Ingredients
For the Choux Pastry:
- 1 cup water
- 125g unsalted butter
- 1 cup all-purpose flour
- 5 large eggs
- 1/2 tsp baking powder
- Pinch of salt
For the Vanilla Cream Filling:
- 2 cups whole milk
- 2/3 cup sugar
- 2 tsp vanilla extract (or vanilla sugar)
- 2 tbsp cornstarch
- 2 tbsp all-purpose flour
- 200g unsalted butter (room temperature)
Topping:
- Powdered sugar for dusting
Instructions
1. Prepare the Pastry
- Preheat your oven to 200°C.
- In a saucepan, bring the water, butter, and salt to a boil.
- Add the flour all at once and stir vigorously until the dough forms a ball and pulls away from the sides. Let it cool slightly.
- Beat in the eggs one at a time, then mix in the baking powder until the dough is smooth and glossy.
- Divide the dough in half. Spread each half into a greased baking tin (the surface should be uneven to create “mountain” peaks).
- Bake each layer for 25–30 minutes until golden brown. Do not open the oven during baking, or the peaks will collapse. Let them cool completely.
2. Make the Pudding Cream
- Mix 1/2 cup of milk with the flour and cornstarch until smooth.
- Boil the remaining milk with the sugar and vanilla.
- Slowly pour the flour mixture into the boiling milk, whisking constantly until it thickens into a heavy pudding. Remove from heat and cover with plastic wrap (touching the surface) to prevent a skin from forming. Let it cool to room temperature.

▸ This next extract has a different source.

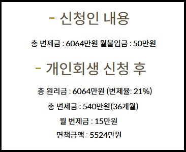 이후에는 개인회생 절차를 밟아 가며 월 15만원의 변제금으로 사건을 결정 받을 수 있게되었습니다.
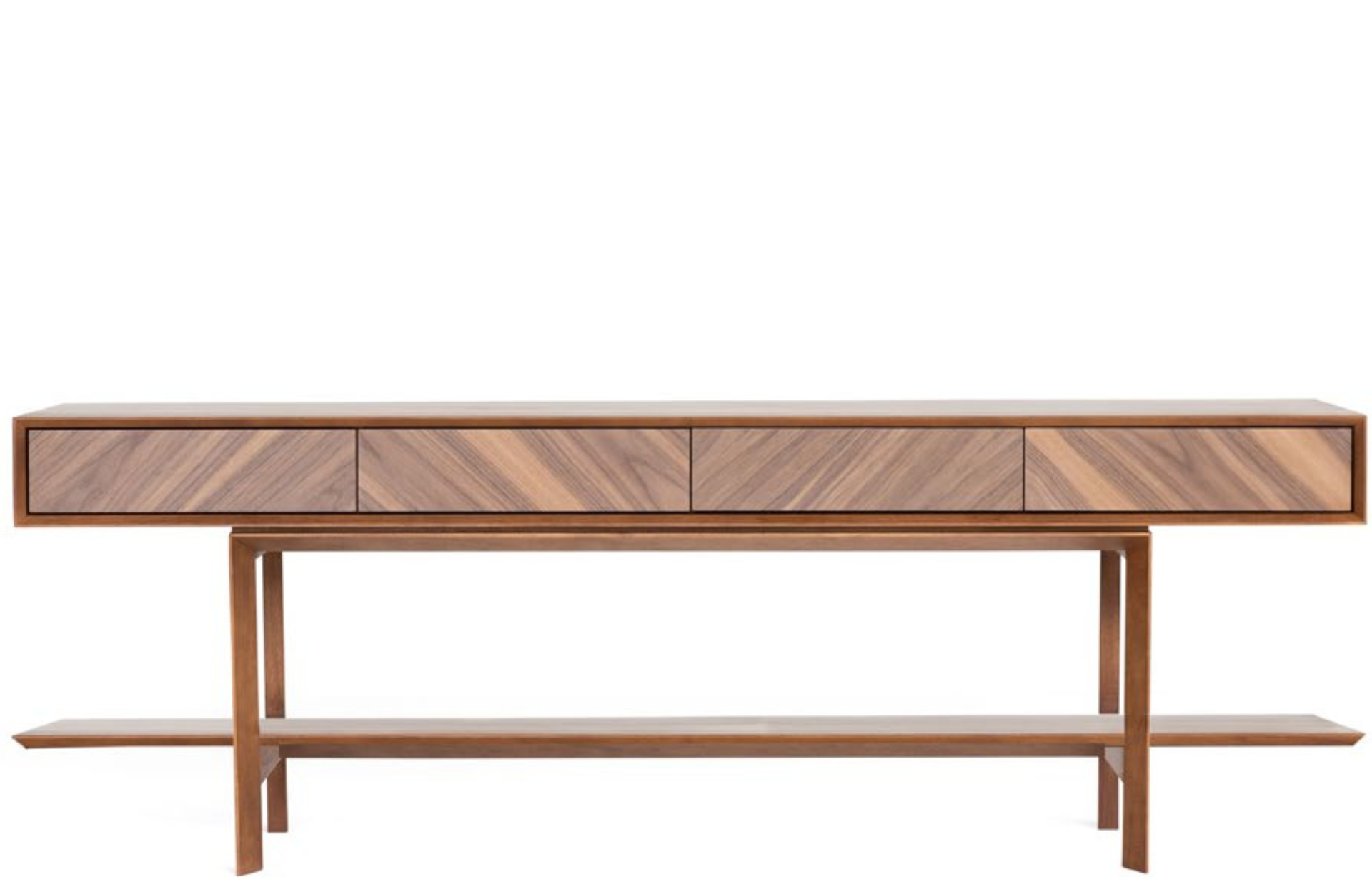Aparador Win com um design moderno e minimalista, uma estrutura em metal que sustenta o corpo principal de madeira com gavetas. As gavetas possuem um desenho de veios em diagonal, criando uma estética visualmente dinâmica e sofisticada. O móvel é completado por uma prateleira inferior, oferecendo espaço de armazenamento adicional e funcionalidade.

- Cream the room-temperature butter until fluffy. Gradually add the cooled pudding, one tablespoon at a time, beating until you have a smooth, silky cream.
3. Assembly
- Place one pastry layer back into the tin.
- Spread the vanilla cream evenly over the base.
- Top with the second pastry layer (the one with the best “mountain” peaks).
- Refrigerate for at least 3–4 hours (or overnight) to allow the cream to set.
- Before serving, dust generously with powdered sugar to simulate “snow” on the mountains, as seen in 1000008064.jpg.